Tenía 15 o 16 años, no recuerdo exactamente, y me habían suspendido las matemáticas, por lo que mis padres me buscaron un profesor de matemáticas para ayudarme a aprobar en septiembre, pero en vez de profesor resulto profesora, una mujer, muy mayor para mí entonces, dada mi edad, pues, con toda seguridad ya había pasado de los 30. Era una mujer de aspecto severo, la verdad no la recuerdo bien, ya que desnuda, desnuda, no la vi nunca, y los recuerdos se van perdiendo con el paso de los años, se van difuminando a medida que he ido conociendo a más chicas en el transcurso de mi vida. Lo que sí puedo afirmar es que era una mujer  muy agraciada, tenía buenos pechos, bonitas piernas, un trasero espléndido. Sus rasgos eran algo irregulares y exóticos, pero rotundamente estéticos. Era soltera.

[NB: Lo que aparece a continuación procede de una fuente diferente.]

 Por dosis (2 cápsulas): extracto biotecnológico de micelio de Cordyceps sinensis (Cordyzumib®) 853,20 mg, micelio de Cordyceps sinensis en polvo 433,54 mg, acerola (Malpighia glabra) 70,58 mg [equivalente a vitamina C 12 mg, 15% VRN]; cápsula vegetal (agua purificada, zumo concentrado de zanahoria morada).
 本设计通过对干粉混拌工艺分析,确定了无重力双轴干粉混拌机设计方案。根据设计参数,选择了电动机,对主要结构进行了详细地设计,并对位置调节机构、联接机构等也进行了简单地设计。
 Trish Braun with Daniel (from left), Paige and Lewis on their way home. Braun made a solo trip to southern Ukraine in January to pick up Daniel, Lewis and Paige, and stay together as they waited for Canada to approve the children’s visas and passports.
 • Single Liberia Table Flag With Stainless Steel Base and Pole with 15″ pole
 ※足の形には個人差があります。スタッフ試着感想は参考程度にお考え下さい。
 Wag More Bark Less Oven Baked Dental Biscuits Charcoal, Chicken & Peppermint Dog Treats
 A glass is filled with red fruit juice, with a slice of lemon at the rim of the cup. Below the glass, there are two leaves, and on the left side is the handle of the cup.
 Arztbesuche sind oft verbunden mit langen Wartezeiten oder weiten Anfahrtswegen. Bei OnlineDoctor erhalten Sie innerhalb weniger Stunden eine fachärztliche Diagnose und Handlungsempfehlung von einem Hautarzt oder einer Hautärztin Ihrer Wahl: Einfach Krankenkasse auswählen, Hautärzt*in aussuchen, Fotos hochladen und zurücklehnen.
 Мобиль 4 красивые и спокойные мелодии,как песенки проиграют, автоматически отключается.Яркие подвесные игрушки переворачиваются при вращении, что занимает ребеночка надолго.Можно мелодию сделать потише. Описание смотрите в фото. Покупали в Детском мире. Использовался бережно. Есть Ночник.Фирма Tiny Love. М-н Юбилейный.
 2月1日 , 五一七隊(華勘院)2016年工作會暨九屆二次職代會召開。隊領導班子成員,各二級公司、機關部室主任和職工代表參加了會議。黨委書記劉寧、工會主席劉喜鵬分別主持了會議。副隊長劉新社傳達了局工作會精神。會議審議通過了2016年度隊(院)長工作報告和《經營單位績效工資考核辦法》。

Su voz mantenía una modulación muy especial, hubiera resultado una excelente locutora, explicaba muy bien la asignatura, y lo hacía muy pedagógicamente.

            Mi clase tenía lugar a última hora de la tarde, era la última, sin duda alguna, y después de algunos días, cuando tuvo más confianza, empezó a invitarme a tomar una coca-cola, y charlábamos un rato. Me preguntaba si tenía novia, y ante mi respuesta negativa,  me preguntaba por cómo me iba con las chicas en general, sobre cómo nos divertíamos, en fin, cosas triviales, pero notaba que tenía un especial interés en saber cómo me divertía, un interés que adquirió consistencia lógica en el devenir de los acontecimientos posteriores. Yo estaba un poco tenso, no estaba acostumbrado a estar con una mujer tanto rato solo, y con una conversación tan privada, aunque aparentemente superficial, pero me gustaban esos ratos ajenos a las matemáticas que no me gustaban nada. Era, por otro lado, muy exigente, y se enfadaba mucho cuando no le hacía todos los ejercicios, me reprendía severamente como una madre muy exigente.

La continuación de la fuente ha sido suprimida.